The intensity of the fighting took its toll. Yerevan says four civilians were killed and dozens wounded by shelling at 36 settlements in Armenia’s Syunik and Gegharkunik provinces. More than 2,700 civilians were evacuated from towns and villages there, and the government has cancelled school in many of these areas for fear of renewed fighting.
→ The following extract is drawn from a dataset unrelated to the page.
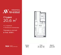 1-комн. апартаменты-студия с отделкой в ЖК ''Industrial AVENIR'' на 3 этаже. Общая площадь: 20.6 кв.м., площадь гостиной 16.8 кв.м., из которых 5 кв.м. выделено под кухонную зону. Все окна выходят на одну сторону. В апартаментах один совмещенный санузел. Высота потолков 2.5 м. Апартаменты находятся в корпусе 1. Дом монолитный, одноподъездный, высотой 13 этажей. На этаже 64 квартиры. В подъезде 3 пассажирских и 3 грузовых лифта. Окончание строительства - 3 квартал 2026 года. Оформление сделки по договору долевого участия. В шаговой доступности от дома расположены станции метро (расстояние по прямой): ''Кировский завод'' (300 м), ''Автово'' (1.6 км), также недалеко от этого корпуса находятся станции метро: ''Нарвская'', ''Ленинский Проспект'', ''Балтийская''. 13ти этажное здание апарт-отеля строится по монолитной технологии. В номерном фонде 739 апартаментов, в том числе юниты с террасами и в формате ''евро 2'', офисные и коммерческие помещения, оборудованный коворкинг, подземный паркинг. На первом этаже лобби 160 кв.м. с рецепшн, выставочным пространством, кафе и гостевой зоной. Окончание строительства апарт - отеля - III квартал 2026 года. Оформление сделки по договору долевого участия. Семейная ипотека на апартаменты не распространяется. ОТДЕЛКАВсе апартаменты сдаются с полной чистовой отделкой, выполненной в концептуальном индустриальном стиле. Стены оформлены обоями под покраску в сером оттенке. Одна из стен акцентная - с декоративной штукатуркой, имитирующей бетон. Элементы черного металла представлены в трековых светильниках, дверной фурнитуре и сантехнике. На полу уложен износоустойчивый ламинат с деревянной фактурой. Еще одним элементом индустриального стиля в отделке апартамента является крупноформатный керамогранит на полу и стенах санузла, имитирующий фактуру и цвет кортеновской стали.ЗD по шоу руму. РАСПОЛОЖЕНИЕ Апарт-отель Industrial Avenir строится в 300-х метрах от метро ''Кировский завод'' и ''Путиловская'' (открытие 2025 г) на центральной магистрали Кировского района проспекте Стачек. Близость развязок с ЗСД и КАД фактически снимает любые ограничения в осмотре пригородов и выбора направлений в личном туристическом плане на день.Предпосылкой для открытия пятого апарт-отеля сети Avenir - Industrial Avenir, стал высокий потенциал локации рядом с крупным производственным кластером, центральной магистралью Кировского района и шаговой доступностью от двух станций метро. Новый апарт-отель возводится рядом с первым апарт-отелем сети - Putilov Avenir, открытым в 2022 году. УПРАВЛЕНИЕ ДОХОДНОСТЬЮУправлением номерным фондом Industrial Avenir займется структура ГК ''ПСК'' PSK Invest, входящая в пятерку крупнейших управляющих компаний апарт-отелями в Санкт-Петербурге. Купить апартаменты в Industrial Avenir возможно сразу с управлением, заключив договор с УК PSK Invest и, тем самым, приобрести готовый арендный бизнес. Апартаменты недвижимое имущество, которое является вашей собственностью, и вы капитализируете свои вложения и получае

” Videos of the violence posted online … rekindled anger among both populations, which are still reeling from the 2020 war. “
Videos of the violence posted online – which Crisis Group has not verified – rekindled anger among both populations, which are still reeling from the 2020 war that killed an estimated 6,000 people before a Russian-brokered ceasefire took hold. Clips posted by Armenian residents appeared to show damage to Armenian settlements close to the border from Azerbaijani artillery and rocket attacks. Others seem to show Azerbaijani soldiers detaining Armenian counterparts; in one, the Azerbaijanis are seen taking down the Armenian flag at a government building. Most jarring were unverified clips showing the beheaded corpses of Armenian soldiers and, in at least one case, a female soldier’s body naked and mutilated. “There are tens of examples like these”, Armenian Foreign Minister Ararat Mirzoyan told Crisis Group. Following calls from foreign diplomats for an enquiry, Baku stated its readiness to investigate the allegations.
It is not at all clear whether the ceasefire will hold. The week-old truce was already fraying as this article went to press, with each side accusing the other of firing heavy artillery and Armenia saying one soldier was wounded in clashes the night of 21 September. On 24 September, Armenia accused Azerbaijani troops of provoking the fighting with an attempt to take over an Armenian military position at the border, while Azerbaijan claimed that three soldiers were wounded in clashes at night on 23 September. In Armenia and Nagorno-Karabakh, residents shaken by the latest burst of violence braced themselves for what could be coming. Addressing the UN General Assembly on 22 September, Prime Minister Pashinyan warned that the threat of a new offensive remained “very high”. He expressed concern that “Azerbaijan intends to occupy more territories of Armenia”. In Yerevan, rescue workers began the grim task of checking whether bomb shelters were ready for use. Azerbaijan, too, is warning of the ceasefire’s fragility and stressing the need to reach a final peace deal. “For stability to be durable, we need to agree”, Azerbaijan’s foreign minister, Jeyhun Bayramov, told Crisis Group on 22 September.
What is behind the escalation, and why did it happen now?
Although the primary fighting between Azerbaijan and Armenia has shifted geographically, it remains fundamentally linked to a decades-old conflict over Nagorno-Karabakh.
Azerbaijan lost control of the enclave and neighbouring areas in the early 1990s, but Baku regained part of it and all the adjacent territories in the 2020 war. That war ended with a ceasefire brokered by Russia, whose peacekeepers remain on duty in parts of Nagorno-Karabakh. But the 2020 truce did not settle the territory’s final status or the disposition of the de facto authorities who administer areas held by ethnic Armenians from the city of Stepanakert. Azerbaijan says the only deal it wants is one that begins with unequivocal acceptance by Armenia of Baku’s sovereignty over all territory within its internationally recognised borders, including the whole of Nagorno-Karabakh. Armenia wants special security provisions and rights for Nagorno-Karabakh Armenians.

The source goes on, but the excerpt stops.